In a post-conviction proceeding challenging a criminal conviction, two jurors testified that one or more jurors had made statements, during deliberations, that the defendant (petitioner herein) had previously committed or been charged with murder but had managed to escape legal consequences. No evidence of such prior acts was presented at trial, and the allegations were false. Although the trial court found that one or more of these statements had been made and heard by jurors, it denied relief on the ground that the error was harmless because discussion on the subject had been "shut down," and because six jurors testified that they had not heard the extraneous information. The appellate court affirmed, holding that the defendant had not been prejudiced by the statements. Thus, the principal question presented is: Where deliberating jurors receive external information that a criminal defendant had committed prior bad acts, does the dissemination of such information to jurors necessarily violate his Sixth Amendment right to trial by an unbiased jury, or may the receipt of such information be excused as "harmless error"?

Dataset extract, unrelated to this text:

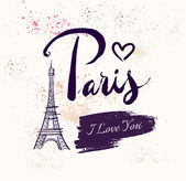 Wieża Eiffla i serca. Paryż ręcznie rysowane list wektor ilustracja projekt plakatu

A secondary question presented is: Where courts violate Federal Rule of Evidence 606(b)'s provision barring evidence relating to the effect of external influences on the mental processes of jury members, can such evidence still be considered by the court in making its determination as to whether the defendant was prejudiced?
Where deliberating jurors receive external information that a criminal defendant had committed prior bad acts, does the dissemination of such information to jurors necessarily violate his Sixth Amendment right to trial by an unbiased jury, or may the receipt of such information be excused as 'harmless error'?